Segment Start: RECORD SET

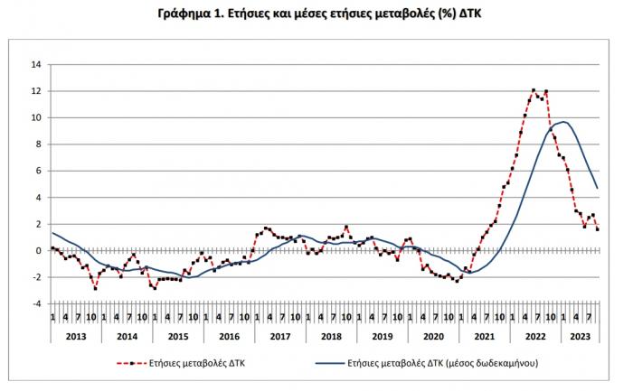 - Ο μέσος ΔΤΚ του δωδεκαμήνου Οκτωβρίου 2022 - Σεπτεμβρίου 2023, σε σύγκριση με τον αντίστοιχο Δείκτη του δωδεκαμήνου Οκτωβρίου 2021 - Σεπτεμβρίου 2022, παρουσίασε αύξηση 4,7% έναντι αύξησης 8,7% που σημειώθηκε κατά την αντίστοιχη σύγκριση του δωδεκαμήνου Οκτωβρίου 2021 - Σεπτεμβρίου 2022 με το δωδεκάμηνο Οκτωβρίου 2020 - Σεπτεμβρίου 2021
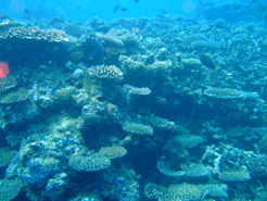 水中は、サンゴが元気で嬉しいくらいだ。 死んでいる珊瑚はほとんどない。 沖縄の慶良間とか石垣とかの
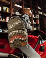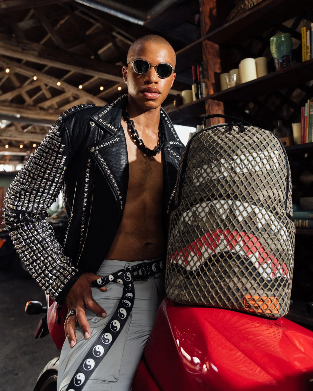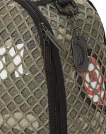 Dimensions: 18″ x 6″ x 11.5″ ? Front zipper pocket ? Side pockets ? Zippered Stash pocket ? Separate velour sunglass compartment ? Ergonomic mesh back padding ? Adjustable Straps for custom sizing ? Green zippers with metal hardware ? Metal “Sprayground Authentic” badge ? Slide through back sleeve connects to carry on luggage to free your hands
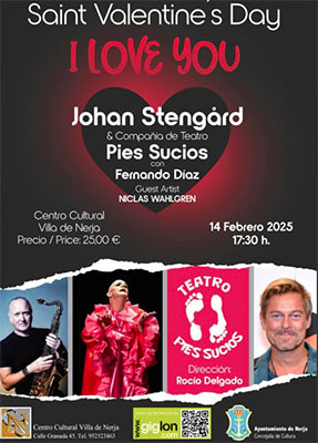 NERJA – In het Centro Cultural Villa de Nerja wordt vrijdagavond 14 februari (Valentijnsdag) de mucical ´I Love You´ van Johan Stengård opgevoerd. De show in het cultureel centrum aan de Calle Granada 45 in de binnenstad van Nerja duurt een kleine anderhalf uur en begint om 17.30 uur.
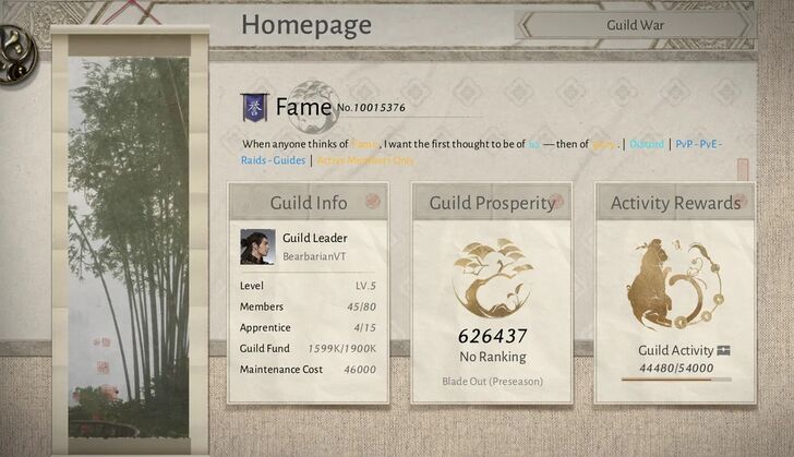 If your current guild is inactive, you can switch to a different one by clicking the Leave Guild button in the Member Roster tab to maximize the bonuses you receive from a guild.
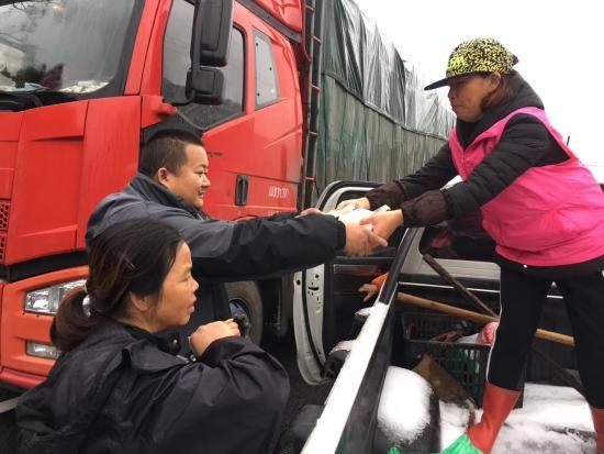 忙碌几个小时后,到了中午时分,志愿服务员出发了。他们分成几路小分队,沿着6公里长的路段,开着小货车或私家车,将打包裹好的400余份蛋炒饭,一一送到每位滞留货车司机的手中。“大哥,喝杯热水,吃碗炒饭,暖暖身吧!”听到这样的话语,很多司机都热泪盈眶。
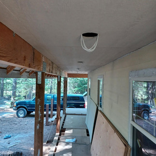 This weekend we were able to get our downstairs deck ceilings covered, shown in the photos. But we still have the upstairs to do, but before we can do the top deck, there is a little demolition to be done and decorative pieces to put in. That’s all in Jer’s wheel-house. My job will be to pray he stays safe while doing it, with no upstairs railing.

Segment End: RECORD SET

WHAT YOU WILL DO: The listing above must be repeated exactly, apart from the pictures.

ANSWER FOR THIS EXERCISE:
 - Ο μέσος ΔΤΚ του δωδεκαμήνου Οκτωβρίου 2022 - Σεπτεμβρίου 2023, σε σύγκριση με τον αντίστοιχο Δείκτη του δωδεκαμήνου Οκτωβρίου 2021 - Σεπτεμβρίου 2022, παρουσίασε αύξηση 4,7% έναντι αύξησης 8,7% που σημειώθηκε κατά την αντίστοιχη σύγκριση του δωδεκαμήνου Οκτωβρίου 2021 - Σεπτεμβρίου 2022 με το δωδεκάμηνο Οκτωβρίου 2020 - Σεπτεμβρίου 2021
 水中は、サンゴが元気で嬉しいくらいだ。 死んでいる珊瑚はほとんどない。 沖縄の慶良間とか石垣とかの
 Dimensions: 18″ x 6″ x 11.5″ ? Front zipper pocket ? Side pockets ? Zippered Stash pocket ? Separate velour sunglass compartment ? Ergonomic mesh back padding ? Adjustable Straps for custom sizing ? Green zippers with metal hardware ? Metal “Sprayground Authentic” badge ? Slide through back sleeve connects to carry on luggage to free your hands
 NERJA – In het Centro Cultural Villa de Nerja wordt vrijdagavond 14 februari (Valentijnsdag) de mucical ´I Love You´ van Johan Stengård opgevoerd. De show in het cultureel centrum aan de Calle Granada 45 in de binnenstad van Nerja duurt een kleine anderhalf uur en begint om 17.30 uur.
 If your current guild is inactive, you can switch to a different one by clicking the Leave Guild button in the Member Roster tab to maximize the bonuses you receive from a guild.
 忙碌几个小时后,到了中午时分,志愿服务员出发了。他们分成几路小分队,沿着6公里长的路段,开着小货车或私家车,将打包裹好的400余份蛋炒饭,一一送到每位滞留货车司机的手中。“大哥,喝杯热水,吃碗炒饭,暖暖身吧!”听到这样的话语,很多司机都热泪盈眶。
 This weekend we were able to get our downstairs deck ceilings covered, shown in the photos. But we still have the upstairs to do, but before we can do the top deck, there is a little demolition to be done and decorative pieces to put in. That’s all in Jer’s wheel-house. My job will be to pray he stays safe while doing it, with no upstairs railing.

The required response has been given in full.